Bonds

After a late-night legislative session on Wednesday, members of the Nashville Metropolitan Council voted 38-0 to approve a fiscal year 2024 budget that matches the $3.2 billion size and most substance of Mayor John Cooper’s May budget plan, preserving his signature proposal for a pay increase for public employees, while shifting some funds to do so.

The plan marks a 6.2% increase over fiscal 2023 spending and allocates $1.6 billion, around half the budget, to the city’s general operating fund and $1.2 billion towards education, a $96.4 million bump from last year.

The budget allocates $409 million to general obligation debt service, with $250 million allocated for the city’s general purpose bonds and associated refinancings and $150 million towards obligations due on school improvement bonds.

Nashville has $3.3 billion in outstanding GO debt rated Aa2 by Moody’s Investors Service, AA by S&P Global Ratings, and AA-plus by the Kroll Bond Rating Agency.

The council budget makes some shifts to the mayor’s funding proposal to cover an increase in public employee salaries.

Both budgets adopt a 4% cost-of-living-adjustment and 3% merit increase for city workers, including public school teachers, firefighters, and other first responders, that officials said is the largest such single raise in the city’s history.

Under the council’s plan, part of the costs will be covered by reducing distributions to a scattershot of smaller projects and proposals while redirecting part of the mayor’s proposed allocation to one of the city’s rainy day accounts.

Dubbed the 4% Fund as local law requires that no less than 4% of the city’s general fund be deposited into it annually, the council budget allocates $54 million to those reserves.

At 4.5% of general fund revenue, that’s above the legally required rate, but $3 million short of what Cooper wanted, marking the most significant funding difference between the two proposals. It is also below a 5% rate requirement some local lawmakers have been calling for in the face of increasing equipment and material costs.

Like the mayor’s plan, the council budget uses part of fiscal 2023’s $125.7 million surplus to beef up a different reserve account to record levels.
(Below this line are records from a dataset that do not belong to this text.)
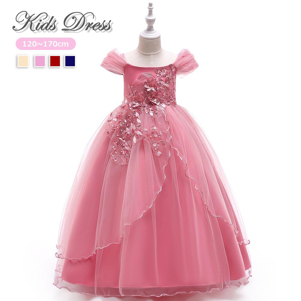 ドレス 4色 子供 ピアノ発表会 子供 キッズ ドレス 続々入荷中 シャンパン ピンク レッド ブルー 120 130 140 150 160 170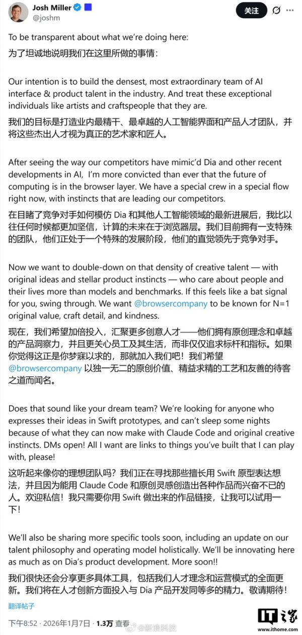 Miller 在随后的帖文中进一步阐述了公司的战略野心,宣称今年“大展拳脚”(not messing around)。他表示,公司致力于组建一支由顶尖 AI 交互与产品人才组成的团队,并将这些杰出个人视为“艺术家和工匠”。
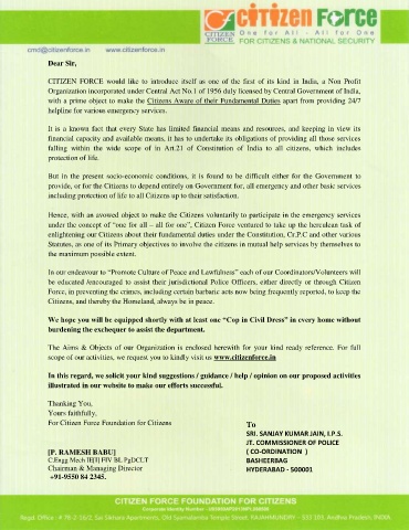 scope of our activities, we request you to kindly visit us www.citizenforce.in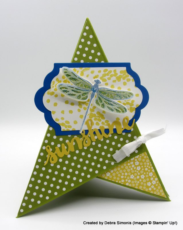 Stamping Tip: There is a vellum overlay on top of the stamped dragonfly image. It lends dimension and extra interest to the card.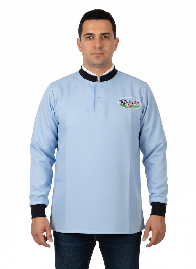 • خامات عملية: نستخدم أقمشة عالية الجودة (قطن أو خليط بوليستر/قطن) مقاومة للانكماش وتسمح بمرور الهواء، مما يضمن الراحة طوال ساعات العمل الطويلة.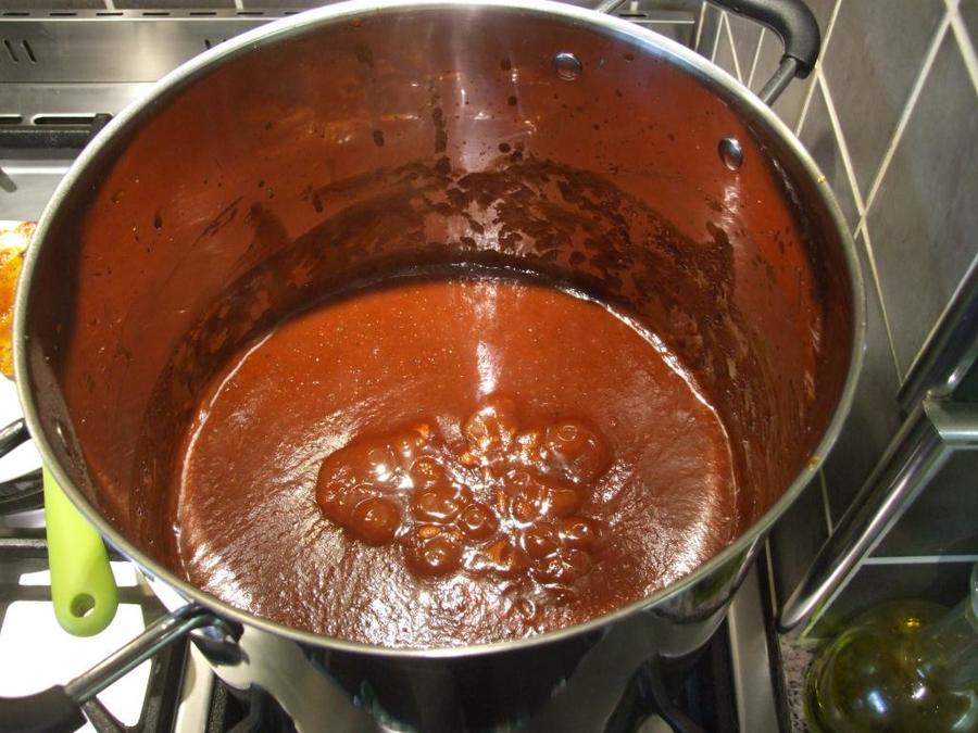 As blasphemous as it probably sounds there were a few modifications I did as I wanted it smoother:  after the initial sauté of veggies I puréed them in a blender to even out the consistency with the rest of the liquids.  I also had a batch of my own ketchup I make from scratch and used that instead of the store bought kind.  I think that means I'll have it less sweet (the store kind has high fructose corn syrup in it) and possibly a little less vinegar as well.  We'll see how much it affects the overall flavor.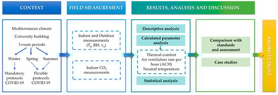 In this research, we have analysed how the mandatory ventilation measures during the pandemic and their subsequent relaxation in the post-pandemic period have affected the environmental conditions in universities throughout different seasons of the year. For this, after conducting different measurement campaigns, parameters regarding IAQ and thermal comfort were calculated and statistically analysed. Then, the results obtained were compared with the standards and case studies were developed to evaluate the evolution of the most significant variables over time. Finally, the main conclusions were drawn, the study limitations were identified, and lines of future research were proposed. The methodology followed is presented in Figure 1.

City Councilmember Bob Mendes said those “dramatically increased” reserves, along with steady revenue from a property tax rate hike instituted in 2020, allowed the city to shoulder the year-by-year increases in costs associated with the improved employee pay plan.

The spending plan includes $55 million to costs associated with public employee benefits including the new pay bump.

In a recent budget report, officials said expect to see a cool down in tax revenue intake into the new year and possibly beyond; the city will see a 3.1% increase in revenue from its business taxes, 4.9% from sales taxes, and 7.3% from the Alcohol and Beverage Tax, the report said, marking a steep decline from the double-digit increases seen in some revenue streams over the last two years.

However, officials also said in that report that years of fiscally conservative practices and strong reserves gave the city stability “in the event of unforeseen emergencies or economic downturns.”